Douglas Kertland

Personal information
- Born: November 23, 1887 Toronto, Ontario
- Died: March 4, 1982 (aged 94)

Medal record
Men's rowing
| Bronze medal – third place | 1908 London | Eight |

= Douglas Kertland =

Canadian coxswain and architect

Douglas Edwin Kertland (November 23, 1887 - March 4, 1982) was a Canadian architect and athlete. He was a rower who competed in the 1908 Summer Olympics. He was a coxswain of the Canadian boat, which won the bronze medal in the men's eight. He later became an architect and designed numerous buildings in Canada, and was a president of the Royal Architectural Institute of Canada (RAIC).

==Life and career==
Born in Toronto, Kertland moved to England as a child and was educated in schools in that country. Upon returning to Canada, he, along with his father and brother, were members of the Argonaut Rowing Club in Toronto. He competed in the 1908 Summer Olympics, during which he was coxswain of the Canadian boat which won the bronze medal in the men's eight.

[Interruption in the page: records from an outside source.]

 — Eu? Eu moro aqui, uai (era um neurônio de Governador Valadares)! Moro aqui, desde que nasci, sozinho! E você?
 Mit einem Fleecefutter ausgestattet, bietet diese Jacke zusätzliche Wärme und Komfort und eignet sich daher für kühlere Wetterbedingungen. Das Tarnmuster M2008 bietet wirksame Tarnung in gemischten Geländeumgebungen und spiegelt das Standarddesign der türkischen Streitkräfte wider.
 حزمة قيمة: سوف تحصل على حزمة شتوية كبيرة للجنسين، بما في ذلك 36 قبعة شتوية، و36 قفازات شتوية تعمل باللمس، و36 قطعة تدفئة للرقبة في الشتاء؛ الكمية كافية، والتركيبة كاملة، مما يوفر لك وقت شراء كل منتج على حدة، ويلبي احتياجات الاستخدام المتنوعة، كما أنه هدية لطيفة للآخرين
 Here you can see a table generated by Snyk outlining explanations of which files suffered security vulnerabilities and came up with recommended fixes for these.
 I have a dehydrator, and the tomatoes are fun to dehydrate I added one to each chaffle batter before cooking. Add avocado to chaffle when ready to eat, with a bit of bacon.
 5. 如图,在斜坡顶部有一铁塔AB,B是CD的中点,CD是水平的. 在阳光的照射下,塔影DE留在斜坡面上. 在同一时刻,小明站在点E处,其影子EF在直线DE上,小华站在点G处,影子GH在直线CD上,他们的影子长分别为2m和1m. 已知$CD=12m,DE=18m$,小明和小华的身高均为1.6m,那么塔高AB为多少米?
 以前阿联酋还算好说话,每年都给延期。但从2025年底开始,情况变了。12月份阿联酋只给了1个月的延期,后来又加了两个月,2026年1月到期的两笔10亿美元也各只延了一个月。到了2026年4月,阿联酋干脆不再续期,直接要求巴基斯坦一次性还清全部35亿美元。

During World War I, because of his prior training in architecture, he served in the Canadian Military Engineers and was part of the 126th Battalion. He achieved the rank of captain. Immediately following the end of the war he returned to Toronto where he joined the architecture firm of John M. Lyle. He established his own practice in Toronto in 1926. He designed numerous homes in the Rosedale neighbourhood of Toronto. He won a 1928 design competition and designed the Art Deco Automotive Building exhibition hall at Exhibition Place in Toronto. He designed many hospitals and banks in addition to office and residential buildings. Kertland was president of the RAIC in 1956 and 1958. He was also an honorary member of both the New Zealand Institute of Architects and the American Association of Architects.

He was married to Gladys McMurrich and, later, to May Warren Bray. In 1976, he donated the records of his architectural practices to the Archives of Ontario.

Kertland died on March 4, 1982 at Wellesley Hospital in Toronto, Ontario.